WHAT TO WORK ON: Your answer must be the records below, repeated exactly, with every picture left out.

☆ ☆ ☆ ☆ ☆

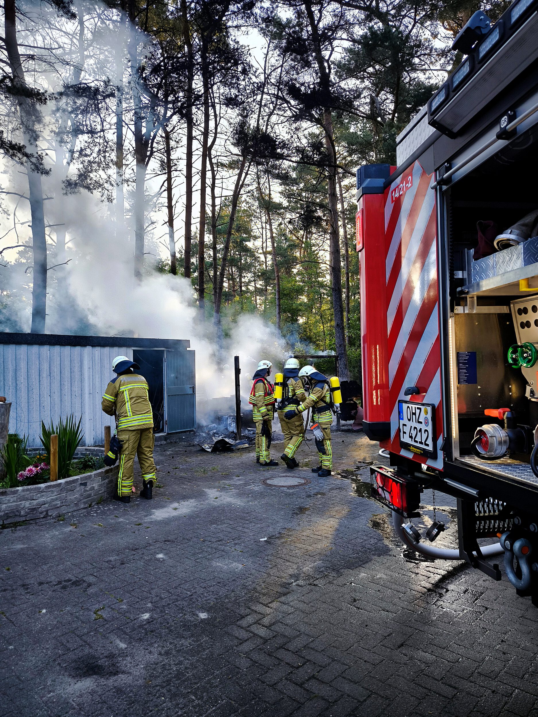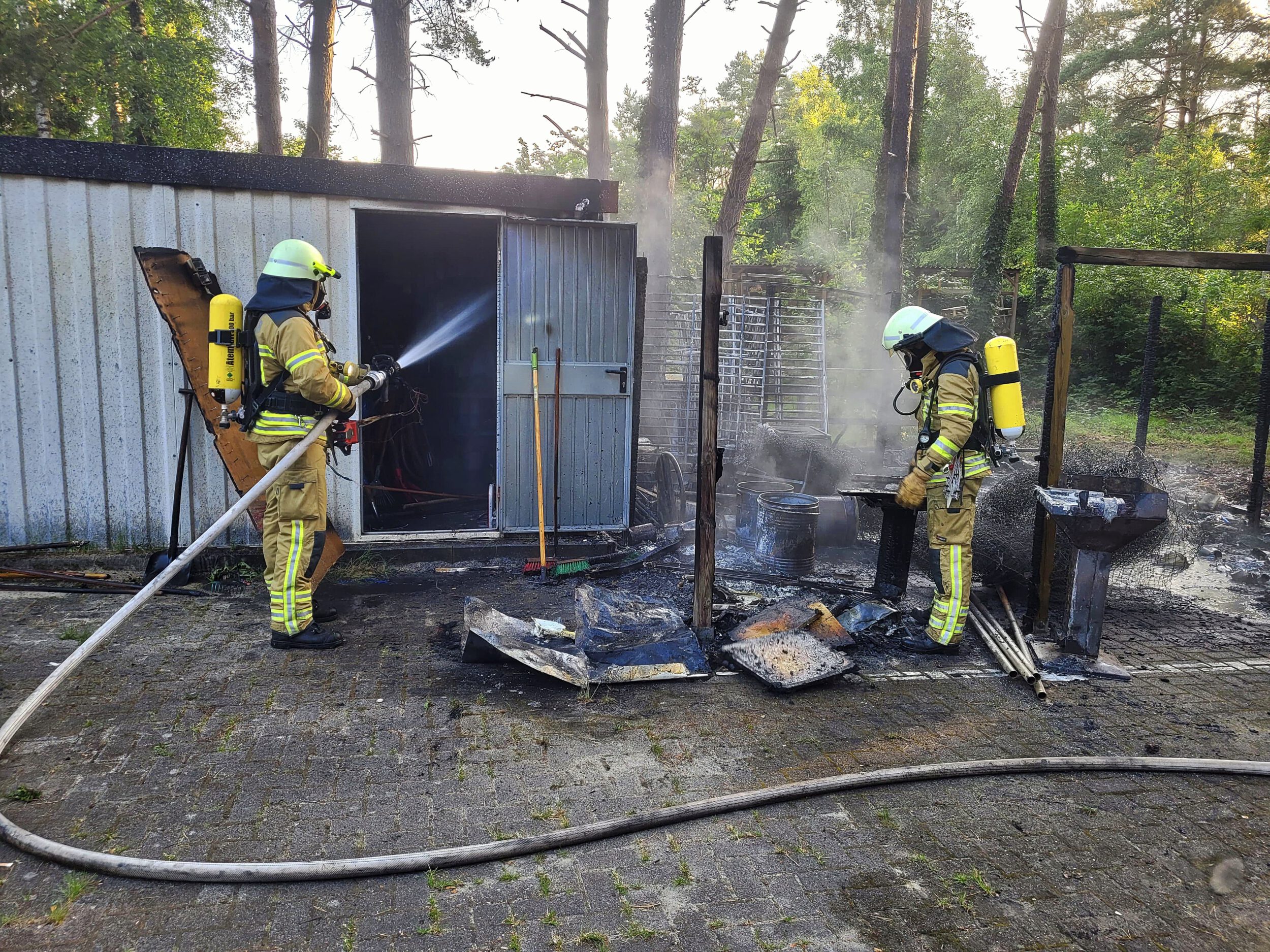 In Zusammenarbeit stellten die Kräfte der Ortsfeuerwehren eine Wasserversorgung her und ein zweiter Trupp unter Atemschutz unterstützte bei der Brandbekämpfung.
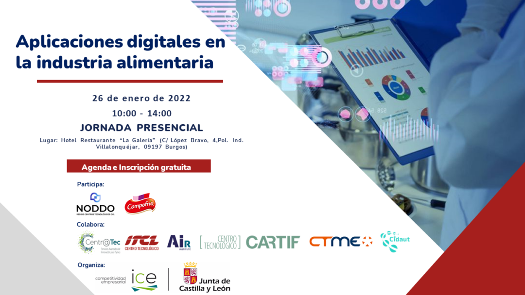 The Institute for Business Competitiveness of Castilla y León (ICE) is organizing a conference on "Digital Applications in the Food Industry" as part of the Centr@tec program, in collaboration with AIR Insitute, CARTIF, the Technological Institute of Castilla y León (ITCL), Cidaut and the Miranda del Ebro Technology Center Foundation (CTME). The event will take place on 26 January in Burgos and will be attended by leading companies in the sector and technology centers who will present innovative solutions to boost the digital transformation of the industry.
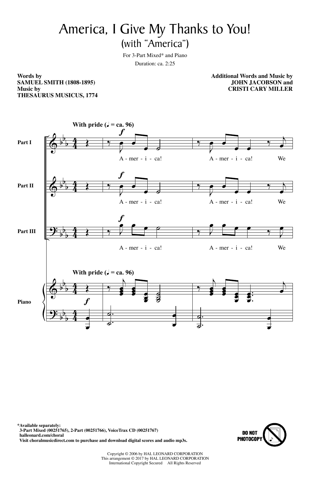 Download or print Cristi Cary Miller America, I Give My Thanks To You! sheet music, chords and digital score arranged for 2-Part Choir. This Patriotic score includes 9 page(s).
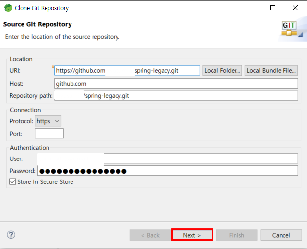 5. 다시 STS 복귀한뒤 복사한 URL을 붙여넣고 깃헙 아이디와 비밀번호를 입력
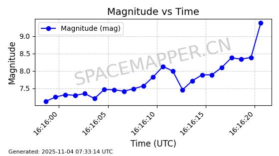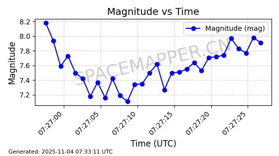 | STARLINK-4639 | 53971 | 53971 | 2022-10-05 同日期轨道 2022-125H 同批次轨道 | 在轨 | 93分钟 | 53.2160 | 417.219 | 420.233 | 0.0002216 | 2025-11-03 22:56:13 | ||
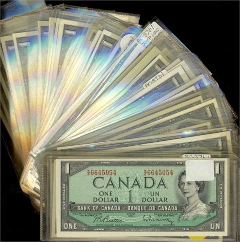 Lot of 50 notes, 1954 $1 BC-37b and 37bi. Includes better prefix notes such as H/F. Most notes are uncirculated
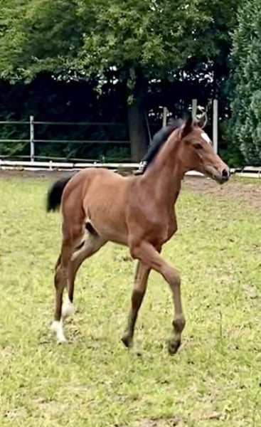 Eine Tochter des Bon Esprit, die keine Wünsche offen lässt. Gute, raumgreifende Gänge, aktives Hinterbein und ein Charakter aus Gold! Eine tolle Jährlingsstute aus kleiner liebevoller Hobbyzucht. Sie ist sehr gelehrig und im Umgang ein absoluter Schatz. Die Mutter ist Leistungsstute FN und war selbst erfolgreich bis M**.
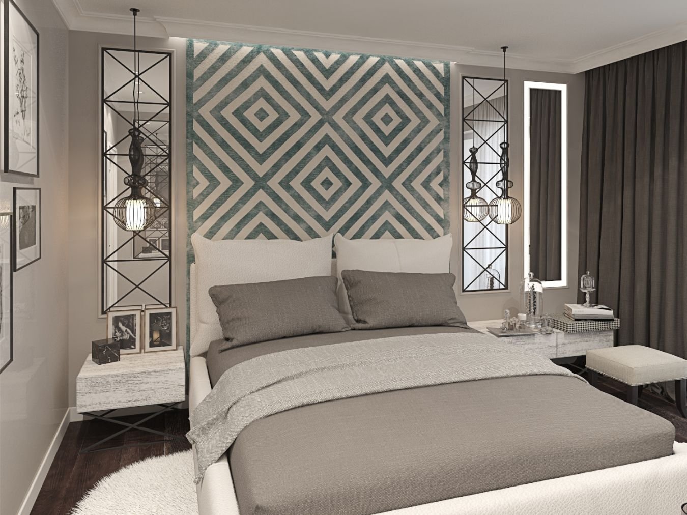 Спальня в стиле ар-деко с зеркалами
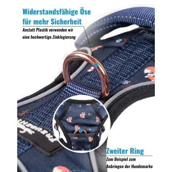 Let’s get Foxy! Das Brustgschirr für alle, die es ausgefallen mögen. Die atmungsaktive Mesh Fütterung ist kuschlig weich, saugt sich im Gegensatz zu Plüsch oder Frottee jedoch nicht mit Wasser voll. Somit ist sie für jedes Wetter bestens geeignet. Das Brustgeschirr ist mit 2 Ringen, an Rücken und Brust ausgestattet. 4 Gutre sorgen für feinste Einstellmöglichkeiten. Unsere Hundegeschirre werden 100% klimaneutral produziert. ACHTUNG: Bitte unbedingt die Größentabelle in den Bildern befolgen!
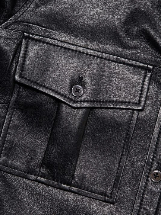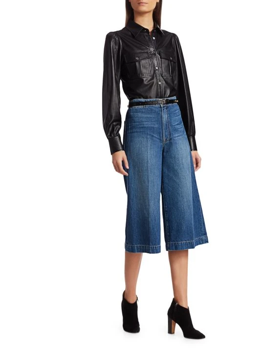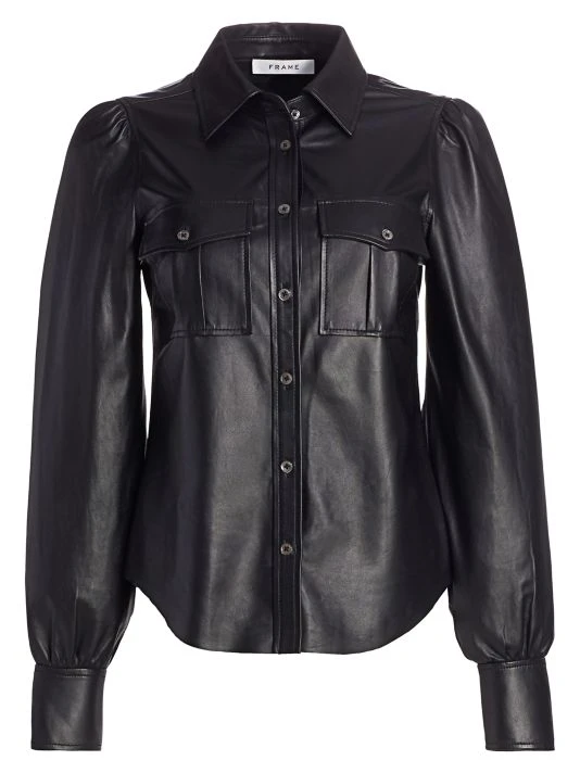 Edgy all leather button down with a feminine puff shoulder.
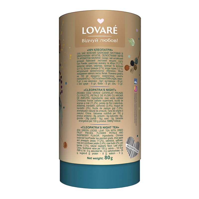 Lovare "Cleopatra's Night", un ceai verde captivant cu o compoziție regală ce îmbină frunze de ceai cu bucatele de fructe uscate și petale de flori, inspirând din opulența și misterul nopților egiptene. Acest amestec aromatic include note florale și fructate, care echilibrează subtil aroma intensă a ceaiului verde. Ambalajul elegant, împodobit cu ilustrații ce evocă farmecul și seducția Cleopatrei, face din acest ceai nu doar o băutură plăcută pentru simțuri, ci și un cadou deosebit. Fiecare cutie conține 80g de ceai, perfect pentru a transforma orice seară obișnuită într-o experiență extraordinară.
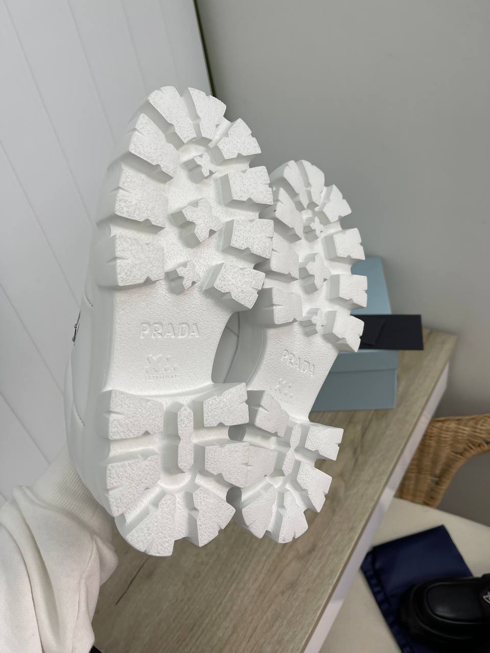 Кеды Prada LUX-89039 - это стильная обувь от известного бренда. Они выполнены в белом цвете, с толстой рельефной подошвой, создающей современный вид. Данная модель сочетает в себе комфорт и актуальный дизайн, идеально подходя для повседневной носки.
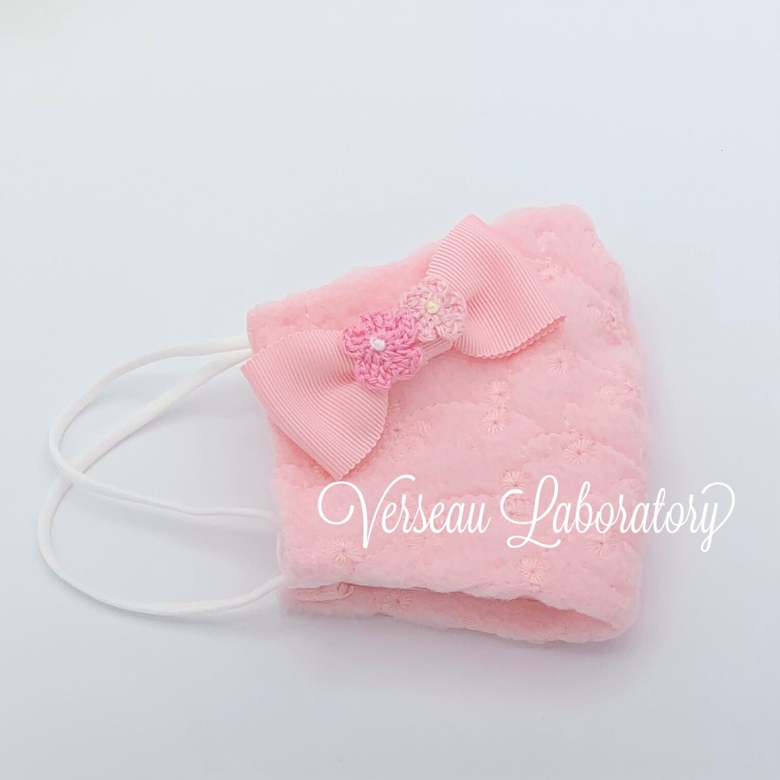 487 手編み花花リボン ピンクフリースレースシリーズ マスク
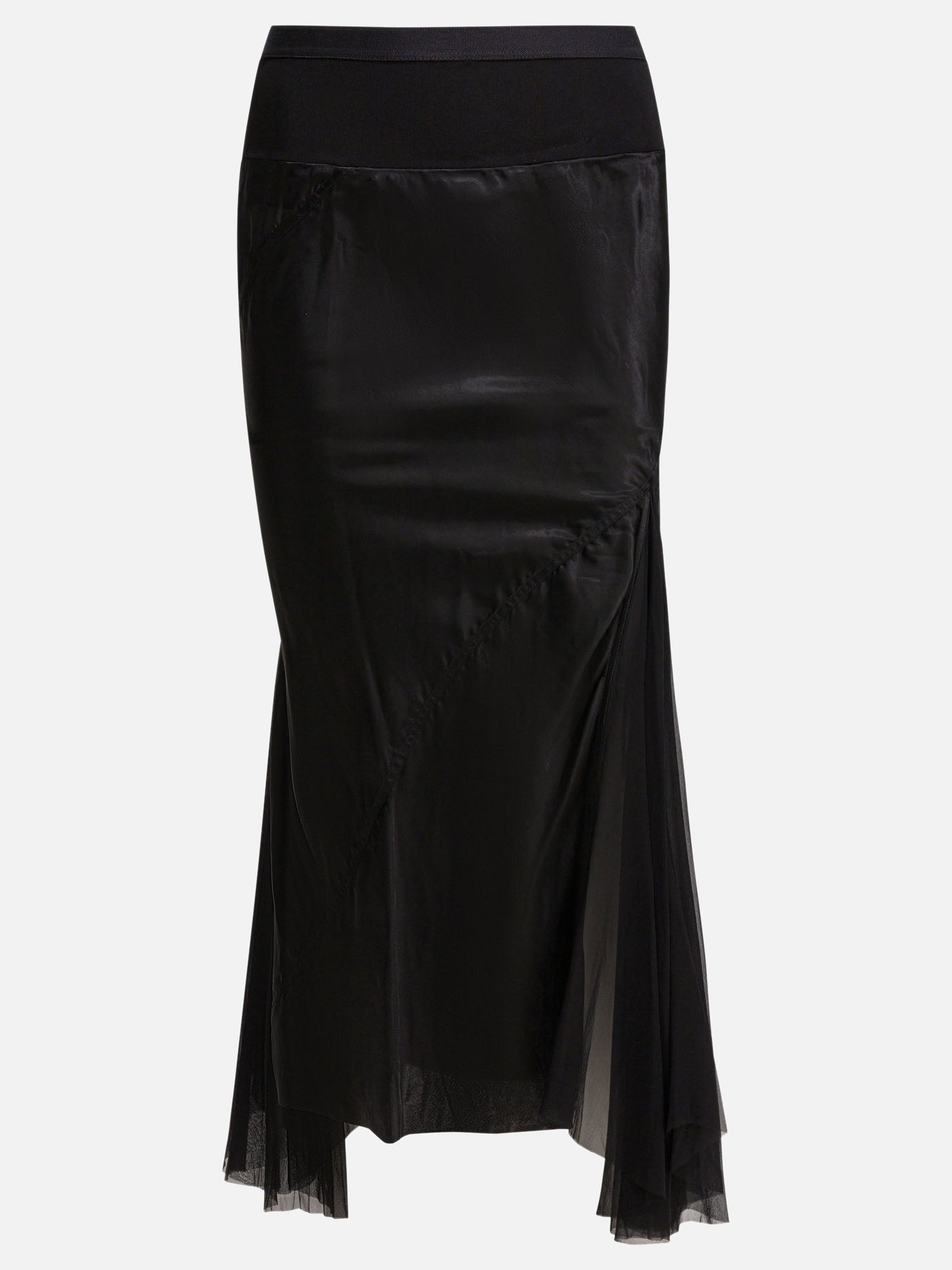 Gonna midi "Bias" Rick Owens, realizzata in cupro leggero a struttura fluida, costruita con taglio sbieco per un effetto drappeggiato che segue la linea del corpo. Il modello presenta una silhouette aderente sui fianchi con apertura progressiva verso il fondo, orlo asimmetrico e inserti semi-trasparenti. La fascia elastica in vita definisce la struttura e assicura stabilità alla vestibilità. Caduta morbida sottolineata dalla superficie leggermente lucida.

☆ ☆ ☆ ☆ ☆

ANSWER TO THE PROBLEM:
 In Zusammenarbeit stellten die Kräfte der Ortsfeuerwehren eine Wasserversorgung her und ein zweiter Trupp unter Atemschutz unterstützte bei der Brandbekämpfung.
 The Institute for Business Competitiveness of Castilla y León (ICE) is organizing a conference on "Digital Applications in the Food Industry" as part of the Centr@tec program, in collaboration with AIR Insitute, CARTIF, the Technological Institute of Castilla y León (ITCL), Cidaut and the Miranda del Ebro Technology Center Foundation (CTME). The event will take place on 26 January in Burgos and will be attended by leading companies in the sector and technology centers who will present innovative solutions to boost the digital transformation of the industry.
 Download or print Cristi Cary Miller America, I Give My Thanks To You! sheet music, chords and digital score arranged for 2-Part Choir. This Patriotic score includes 9 page(s).
 5. 다시 STS 복귀한뒤 복사한 URL을 붙여넣고 깃헙 아이디와 비밀번호를 입력
 | STARLINK-4639 | 53971 | 53971 | 2022-10-05 同日期轨道 2022-125H 同批次轨道 | 在轨 | 93分钟 | 53.2160 | 417.219 | 420.233 | 0.0002216 | 2025-11-03 22:56:13 | ||
 Lot of 50 notes, 1954 $1 BC-37b and 37bi. Includes better prefix notes such as H/F. Most notes are uncirculated
 Eine Tochter des Bon Esprit, die keine Wünsche offen lässt. Gute, raumgreifende Gänge, aktives Hinterbein und ein Charakter aus Gold! Eine tolle Jährlingsstute aus kleiner liebevoller Hobbyzucht. Sie ist sehr gelehrig und im Umgang ein absoluter Schatz. Die Mutter ist Leistungsstute FN und war selbst erfolgreich bis M**.
 Спальня в стиле ар-деко с зеркалами
 Let’s get Foxy! Das Brustgschirr für alle, die es ausgefallen mögen. Die atmungsaktive Mesh Fütterung ist kuschlig weich, saugt sich im Gegensatz zu Plüsch oder Frottee jedoch nicht mit Wasser voll. Somit ist sie für jedes Wetter bestens geeignet. Das Brustgeschirr ist mit 2 Ringen, an Rücken und Brust ausgestattet. 4 Gutre sorgen für feinste Einstellmöglichkeiten. Unsere Hundegeschirre werden 100% klimaneutral produziert. ACHTUNG: Bitte unbedingt die Größentabelle in den Bildern befolgen!
 Edgy all leather button down with a feminine puff shoulder.
 Lovare "Cleopatra's Night", un ceai verde captivant cu o compoziție regală ce îmbină frunze de ceai cu bucatele de fructe uscate și petale de flori, inspirând din opulența și misterul nopților egiptene. Acest amestec aromatic include note florale și fructate, care echilibrează subtil aroma intensă a ceaiului verde. Ambalajul elegant, împodobit cu ilustrații ce evocă farmecul și seducția Cleopatrei, face din acest ceai nu doar o băutură plăcută pentru simțuri, ci și un cadou deosebit. Fiecare cutie conține 80g de ceai, perfect pentru a transforma orice seară obișnuită într-o experiență extraordinară.
 Кеды Prada LUX-89039 - это стильная обувь от известного бренда. Они выполнены в белом цвете, с толстой рельефной подошвой, создающей современный вид. Данная модель сочетает в себе комфорт и актуальный дизайн, идеально подходя для повседневной носки.
 487 手編み花花リボン ピンクフリースレースシリーズ マスク
 Gonna midi "Bias" Rick Owens, realizzata in cupro leggero a struttura fluida, costruita con taglio sbieco per un effetto drappeggiato che segue la linea del corpo. Il modello presenta una silhouette aderente sui fianchi con apertura progressiva verso il fondo, orlo asimmetrico e inserti semi-trasparenti. La fascia elastica in vita definisce la struttura e assicura stabilità alla vestibilità. Caduta morbida sottolineata dalla superficie leggermente lucida.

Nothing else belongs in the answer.